We're sorry Aspose doesn't work properply without JavaScript enabled.

Free Support Forum - aspose.com

Extract text with rectangle, the result has lots of break line

I want to copy the select text from pdf.
First I choose a Rectangle area and using its coordinates to init TextAbosrber.TextSearchOptions.Rectangle. and then I selected a page to accept this textAbsorber.
Finally, I found that the textAbsorber.Text has lots of break lines in the end. sometime it also will be displayed between each line.
here is sample code:

     var absorber = new TextAbsorber();
     absorber.TextSearchOptions.LimitToPageBounds = true;
     var ltPoint = CalculateSelectedAreaOnPage(SelectRectLeftTopPoint);
     var rbPoint = CalculateSelectedAreaOnPage(SelectRectRightBottomPoint);
     absorber.TextSearchOptions.Rectangle = (new Aspose.Pdf.Rectangle(ltPoint.X, ltPoint.Y, >rbPoint.X, rbPoint.Y));
     string extractedText = absorber.Text;

Please ingore the function CalculateSelectedAreaOnpage(), it just a function to convert point.
Please help me check the extract text result. thanks.


Could you please explain a bit more by sharing your sample source PDF and expected output text information. We will test the scenario in our environment and address it accordingly.

Thanks for your replay,
Here.pdf (95.8 KB)
and a select the rectange such as SelectedRect.png (55.5 KB)
and the extracted text result is extractedTextResult.png (12.2 KB)
you can see I have selected all the text, so that you can see the extra breakline
sometimes linebreak will appear in line space, please check it.
if you have any problem, please let me know.

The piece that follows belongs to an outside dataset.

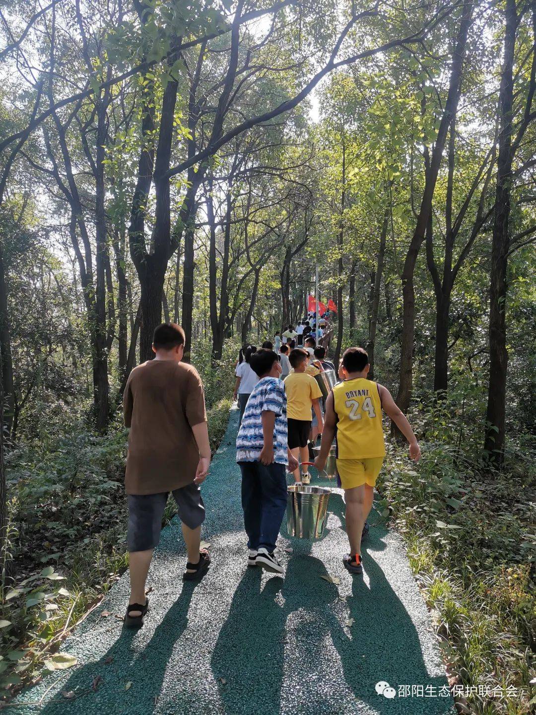 佘湖山公益生态景观林以邵阳市生态环境保护志愿者联合会为主,联合市生态环境局、市林业局、双清区委统战部、佘湖小学、佘湖山公园管理处等单位共同打造,全程维护,确保每一棵树苗都成活。

We need these values which you have specified in your above line of code. This way we will be able to test the scenario in our environment accordingly and share our feedback with you.

the ltPoint.X = 71.250475;
the ltPoint.Y = 485.250638;
the rbPoint.X = 543.749519;
the rbPoint.Y = 425.250763;


Please try to use the code snippet as below in order to extract text without spaces:

Document doc = new Document(dataDir + "extractTextTextPDF.pdf");
TextAbsorber ta = new TextAbsorber();
ta.TextSearchOptions.Rectangle = (new Aspose.Pdf.Rectangle(71.250475, 485.250638, 543.749519, 425.250763));
ta.ExtractionOptions = new TextExtractionOptions(TextExtractionOptions.TextFormattingMode.Raw);
string text = ta.Text;